→ **Supplied information**
%%

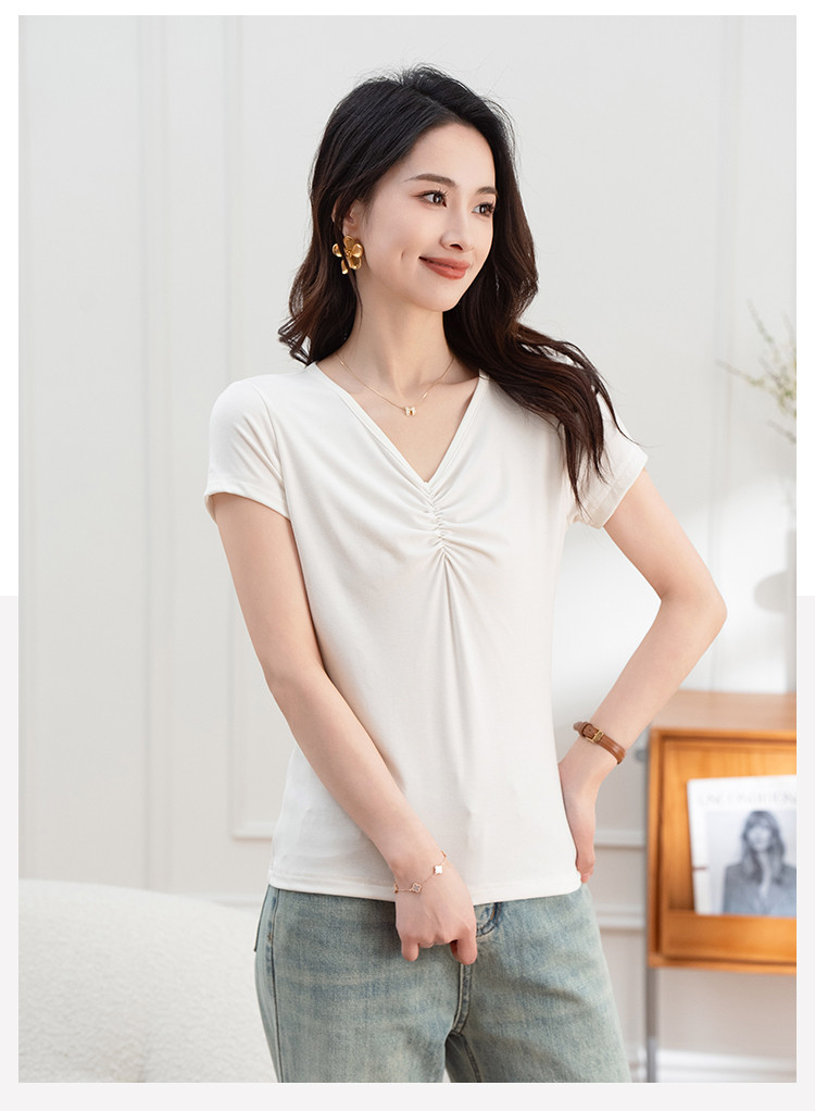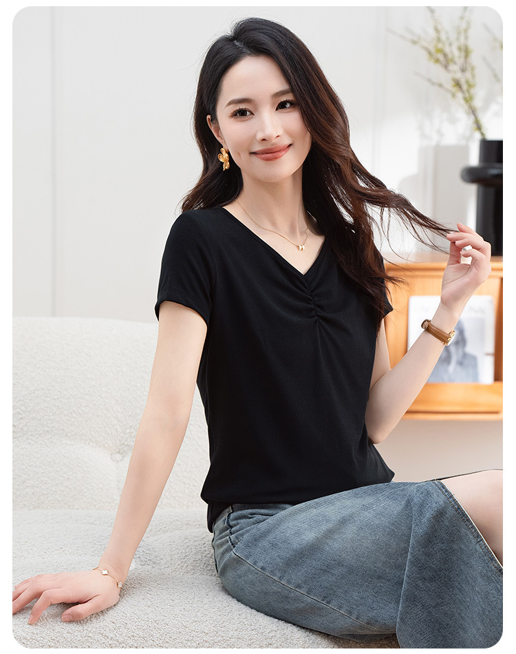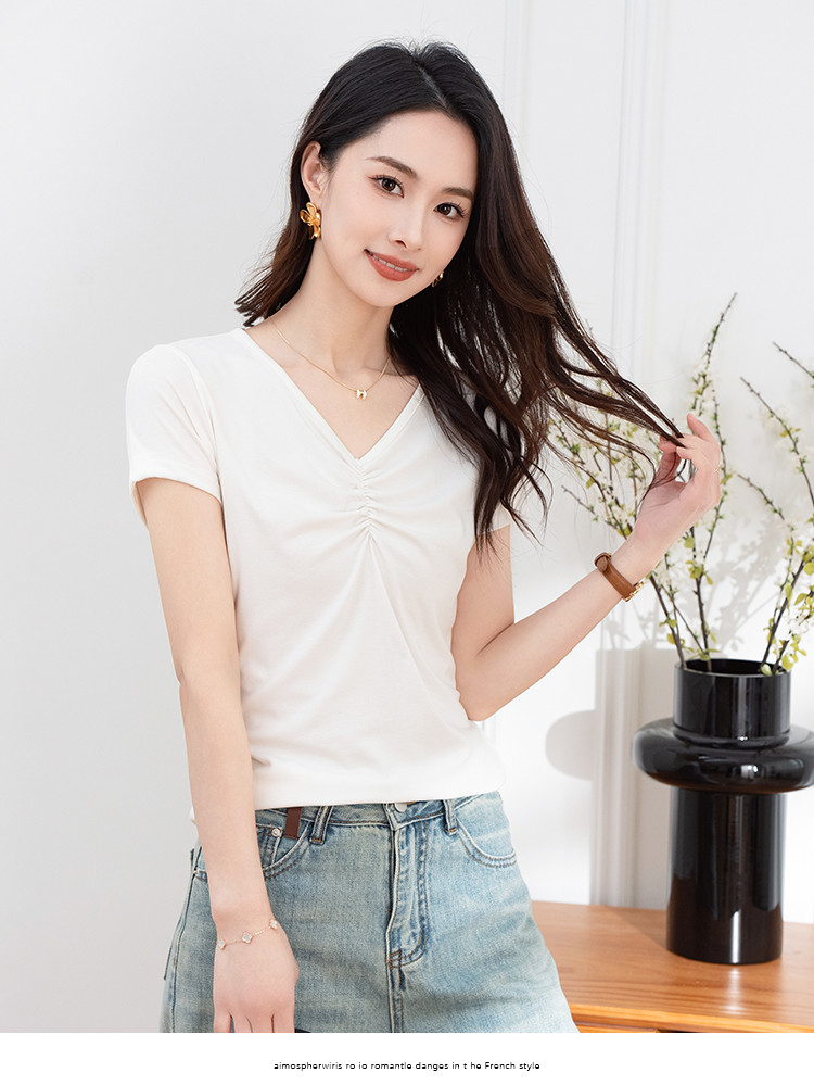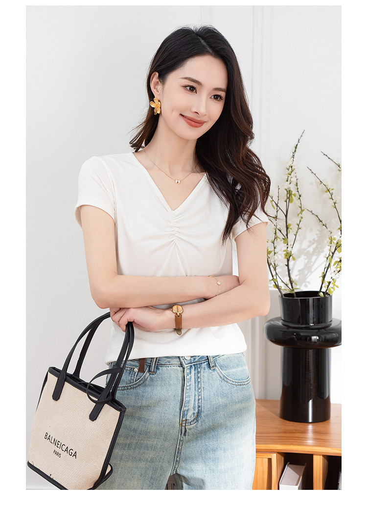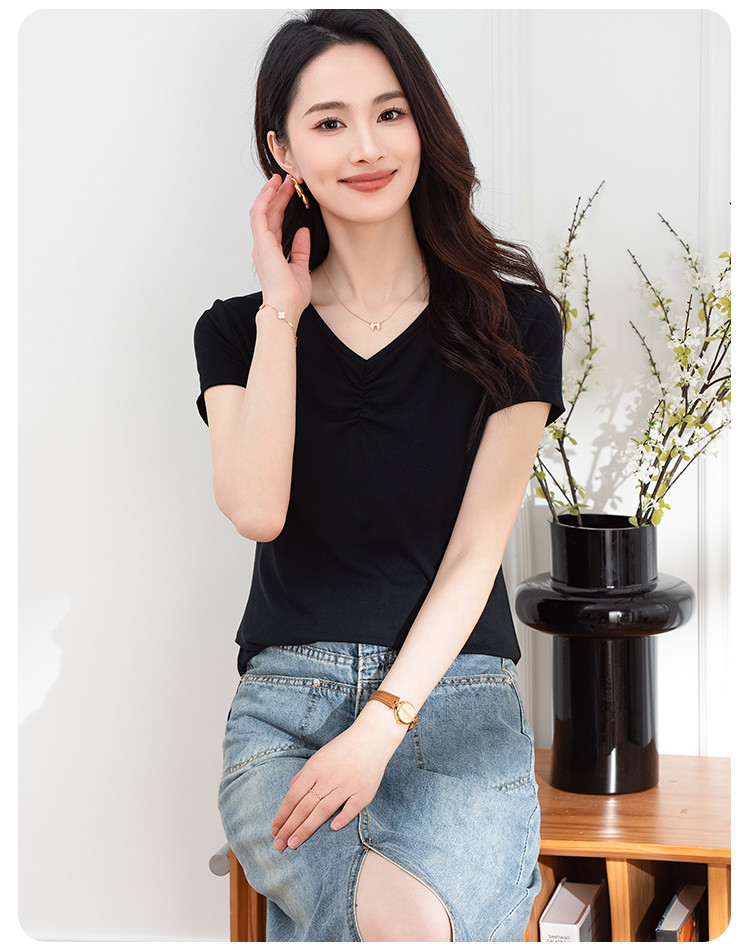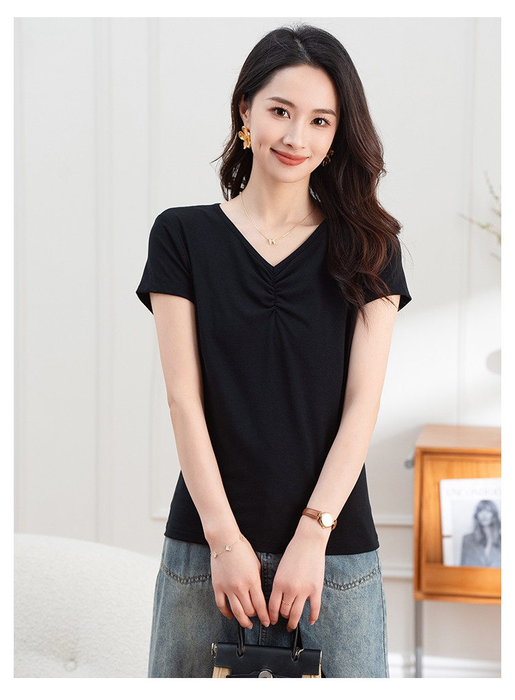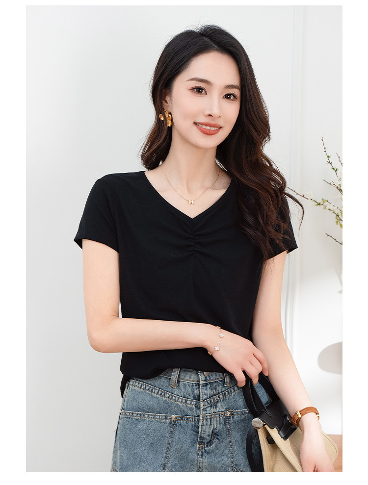 抽褶纯色短款上衣女夏季爆款修身舒适休闲简约气质V领短袖T恤女 430593
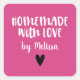 A personalised "homemade with love" sticker on a square shaped, hot pink coloured background. Make it yours by adding your own name. A pretty finishing touch for all of your handmade gifts. Designed for you by Blackberry Boulevard.
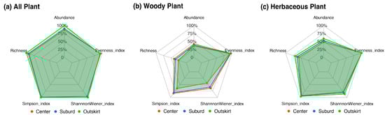 Five distinct plant diversity indices were examined using radar charts, and results showed that at the all-plant level (Figure 6a), the diversity indices of the urban outskirt were superior to those of the urban center and urban suburb. Herbaceous plant diversity indices exhibited the same regularity as those of the all-plant level (Figure 6c). However, in terms of woody plants (Figure 6b), the urban center had the highest diversity of trees, followed by the urban suburbs, and the lowest index was found in the urban outskirts. Data on plant diversity for each quadrat in this study are shown in Table S1.
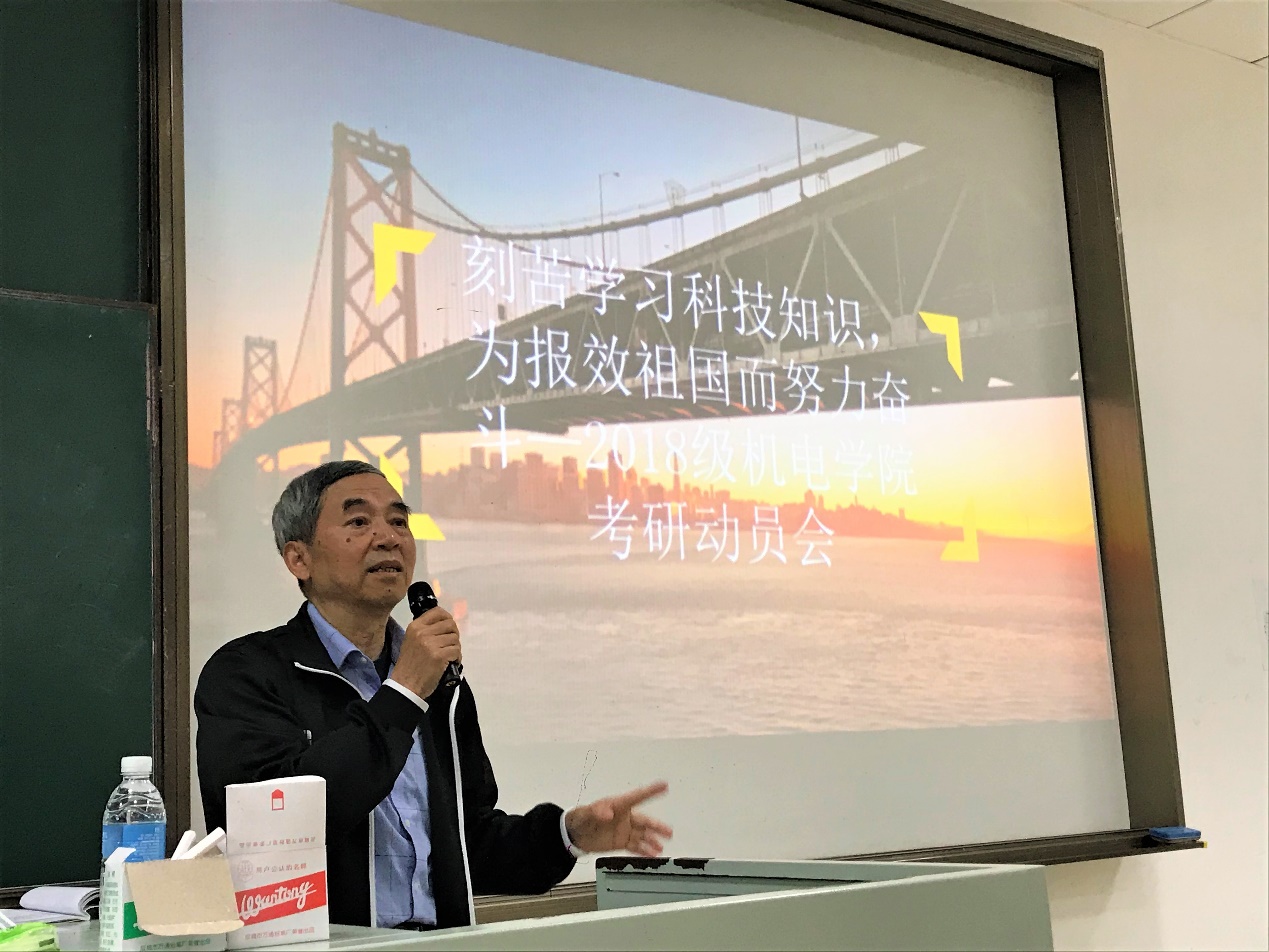 楼纪国教授作“刻苦学习科技知识,为报效祖国而努力奋斗”主题动员,他介绍了考研目的、报考指导、复习规划和调剂选择等。指出考研是为了报效祖国,更好地为国家四化建设服务,为了获得更大的平台,拥有更扎实的创业基础。他建议拿到四门课程的大纲,应在不同阶段做不同的规划进行复习。

%%

All of the lines above should be retyped precisely, apart from the pictures.

→ **Result for this task**
 抽褶纯色短款上衣女夏季爆款修身舒适休闲简约气质V领短袖T恤女 430593
 A personalised "homemade with love" sticker on a square shaped, hot pink coloured background. Make it yours by adding your own name. A pretty finishing touch for all of your handmade gifts. Designed for you by Blackberry Boulevard.
 Five distinct plant diversity indices were examined using radar charts, and results showed that at the all-plant level (Figure 6a), the diversity indices of the urban outskirt were superior to those of the urban center and urban suburb. Herbaceous plant diversity indices exhibited the same regularity as those of the all-plant level (Figure 6c). However, in terms of woody plants (Figure 6b), the urban center had the highest diversity of trees, followed by the urban suburbs, and the lowest index was found in the urban outskirts. Data on plant diversity for each quadrat in this study are shown in Table S1.
 楼纪国教授作“刻苦学习科技知识,为报效祖国而努力奋斗”主题动员,他介绍了考研目的、报考指导、复习规划和调剂选择等。指出考研是为了报效祖国,更好地为国家四化建设服务,为了获得更大的平台,拥有更扎实的创业基础。他建议拿到四门课程的大纲,应在不同阶段做不同的规划进行复习。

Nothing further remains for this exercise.